PoursuitesLa Turquie se retourne contre les promoteurs immobiliers après le séisme

Séismes en Turquie : Ankara se retourne contre les promoteurs immobiliers

PoursuitesAu moins 134 enquêtes ont été lancées contre des promoteurs qui n’auraient pas respecté les règles de construction
Malgré les normes anti-séisme, de nombreux bâtiments se sont effondrés en Turquie.
Malgré les normes anti-séisme, de nombreux bâtiments se sont effondrés en Turquie. - Emrah Gurel/AP/SIPA / SIPA
20 Minutes avec AFP

20 Minutes avec AFP

Leur photo est partout : celle du promoteur arrêté alors qu’il tentait de fuir à l’aéroport d’Istanbul vendredi et de ses deux comparses, dont les internautes demandent la tête. Mehmet Yasar Coskun était le maître d’ouvrage de la résidence « Rönesans » (Renaissance), construite à Antakya, dans le sud de la Turquie, il y a 10 ans : le 6 février, l’immeuble de huit étages et 250 appartements avec piscine, qui abritait notamment le footballeur ghanéen Christian Atsu, a basculé sur le flanc et sur ses habitants.

Il est l’un des milliers d’immeubles en Turquie qui se sont affaissés sur eux-mêmes, sans laisser la moindre chance à leurs occupants saisis dans leur sommeil par la violente secousse survenue à 4 heures du matin.

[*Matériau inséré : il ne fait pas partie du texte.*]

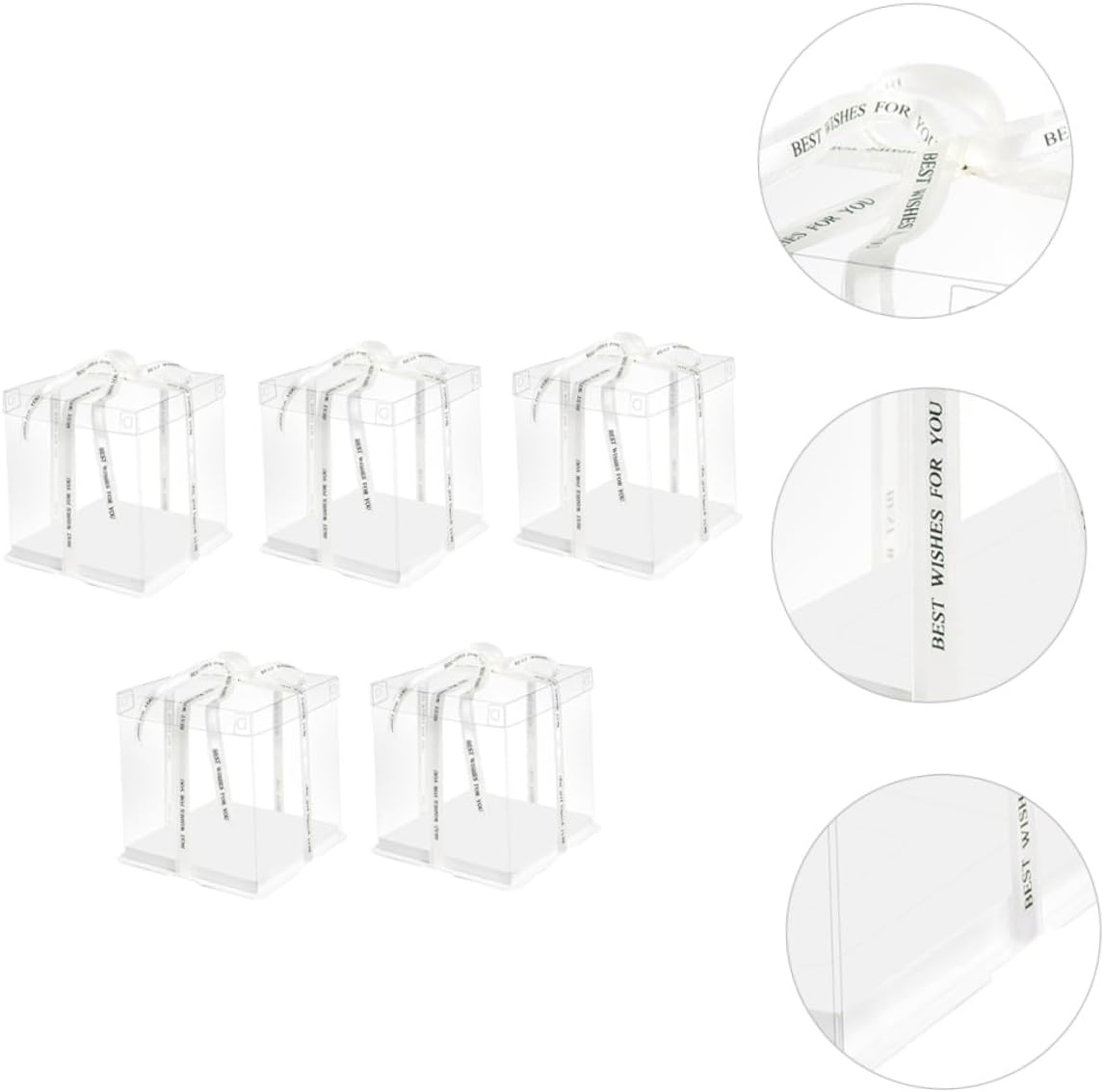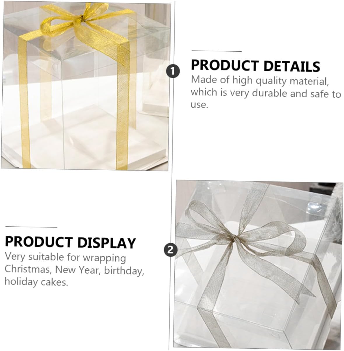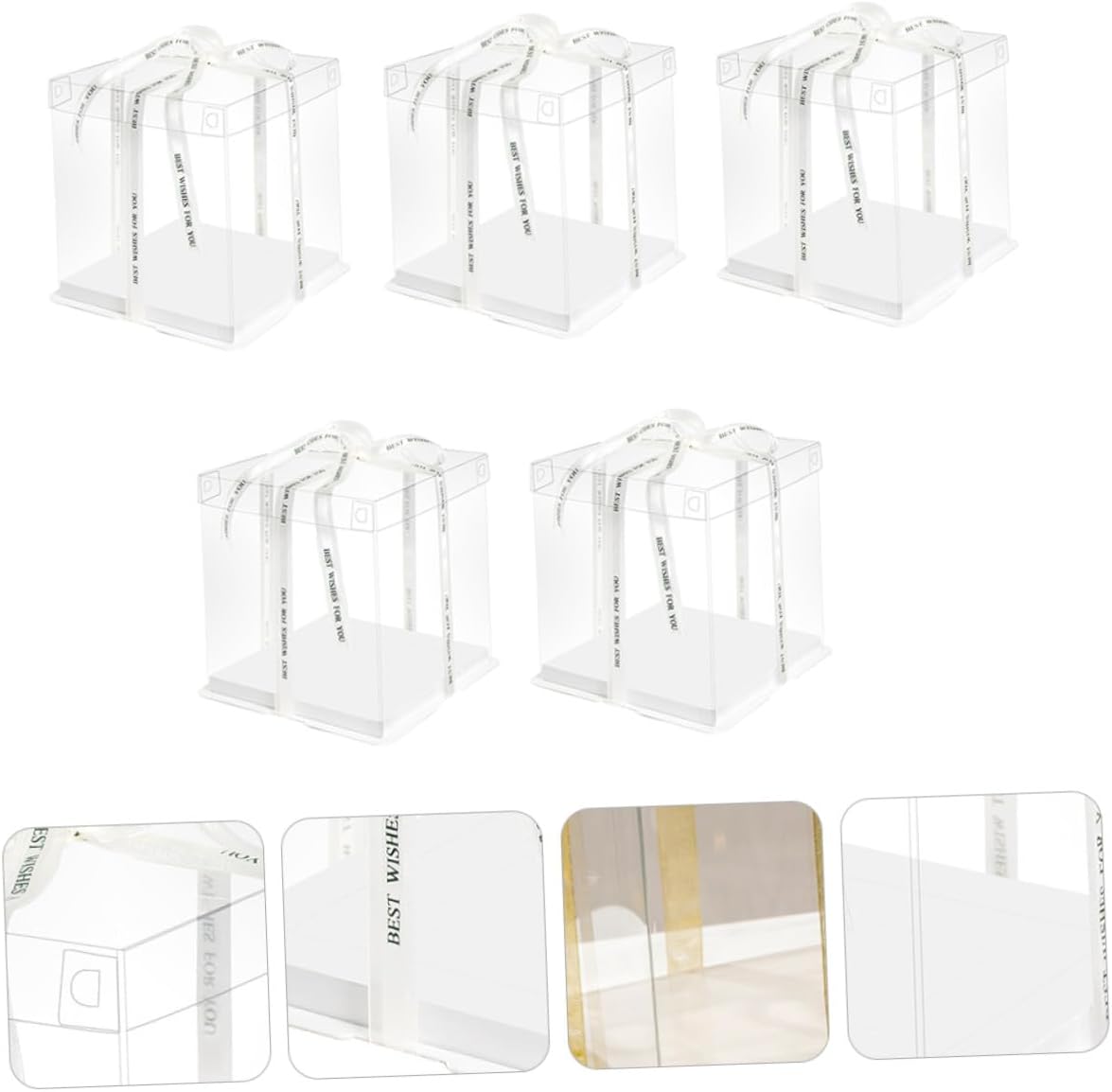 Package List 5 x cake packaging boxes Characteristics -Product Info:Birthday Cake Box - Applicable: for 8 inch cake Square Storage Container. - Color: White ( color for ribbon). - Material: Food grade white card, PET. - Size: 26.00X26.00X18.00cm/10.22X10.22X7.07inch. - , environmental protection, safe and . - Transparent design can show off your cakes inside without exposing to the air Food Packaging Boxes. - Simple and practical design, and easy to use and carry Cake Container. - They can be used for shower, birthday party or other party Cake Storage Container. - Featuring reusable, it can be used for times and easy to clean Cake Carrier.Goods DescriptionCake Holder Sealing design can prevent leakage effectively.Food Packaging Boxes This is a practical cake box.Cake Storage Container This cake box can help you to pack your cakes and transparent design allows you see the cake directly.Cake Carrier With the ribbon handheld design, this cake box is very convenient to carry.Cake Packing Case Environmentally friendly material, safe and to use

Face à la colère qui gronde dans le pays contre les mafias du bâtiment, relayée par la presse et les réseaux sociaux, les autorités turques ont réagi avec promptitude et les arrestations et mandats d’arrêt pleuvent.

134 enquêtes lancées

Dimanche, sept jours après la catastrophe qui a fait près de 30.000 morts rien qu’en Turquie, trois personnes ont été écrouées, sept interpellées dont deux autres promoteurs qui tentaient de s’échapper en Géorgie, et 114 sont toujours recherchés, a annoncé le ministre turc de la Justice, Bekir Bozdag. Au total, 134 enquêtes ont été lancées. Le sort de la résidence Renaissance est devenu emblématique de ces mauvaises pratiques dénoncées de longue date dans le pays, mais elle est loin d’être la seule.

Ainsi l’hôtel Isias, à Adiyaman, où 35 membres de l’équipe de volleyball de 12-15 ans de la république séparatiste de Chypre Nord et leur encadrement ont péri : des témoins ont affirmé à la chaîne de télévision NTV que l’hôtel avait été fermé en raison « d’irrégularités » dans la construction, avant de voir les scellés brisés et de rouvrir. « Je veux que ces gens soient jugés, ce sont des meurtriers », lançait une proche de victime interrogée, tandis qu’un autre assurait avoir vu « les murs se déchirer comme des feuilles de papier ».

Les leçons tirées du séisme de 1999

Dans sa déposition, le promoteur de la résidence Renaissance a rejeté les accusations portées contre lui et ses associés. « J’ignore pourquoi le bâtiment s’est effondré. Tous les permis avaient été délivrés après les études effectuées par la mairie et la compagnie de contrôle », a-t-il affirmé. Le permis pour cette résidence a été signé en 2021 par le district d’Ekinciler, à Hatay. La Turquie a adopté une série de normes et de régulations calquées sur celles de la Californie, terre de séismes, et régulièrement révisées - la dernière fois en 2018. Mais selon les ingénieurs et architectes interrogés cette semaine, la plupart sont ignorées par les bâtisseurs.

La réaction du gouvernement, confronté à ce que le président Recep Tayyip Erdogan, en campagne électorale si les élections du 14 mai sont maintenues, a qualifié de « pire catastrophe de tous les temps » pour la Turquie, est sans précédent. Jusqu’alors, les promoteurs et entrepreneurs véreux semblaient avoir de beaux jours devant eux malgré les alertes répétées d’ingénieurs et architectes reconnus.





Après le violent tremblement de terre de 1999, qui avait fait 17.000 morts dans le nord-ouest de la Turquie, autour de Kocaeli, il avait fallu six mois avant la première arrestation. Le quotidien Milliyet avait alors titré « Seulement huit arrestations pour 17.000 vies perdues ». Par la suite, plus de 2.000 procédures ont été ouvertes contre les promoteurs des bâtiments effondrés mais aucune peine prononcée pour 1.800 d’entre eux en raison d’une amnistie générale décrétée en décembre 2000 par le gouvernement. Finalement, la plupart des responsables avaient pu bénéficier d’une prescription en 2007.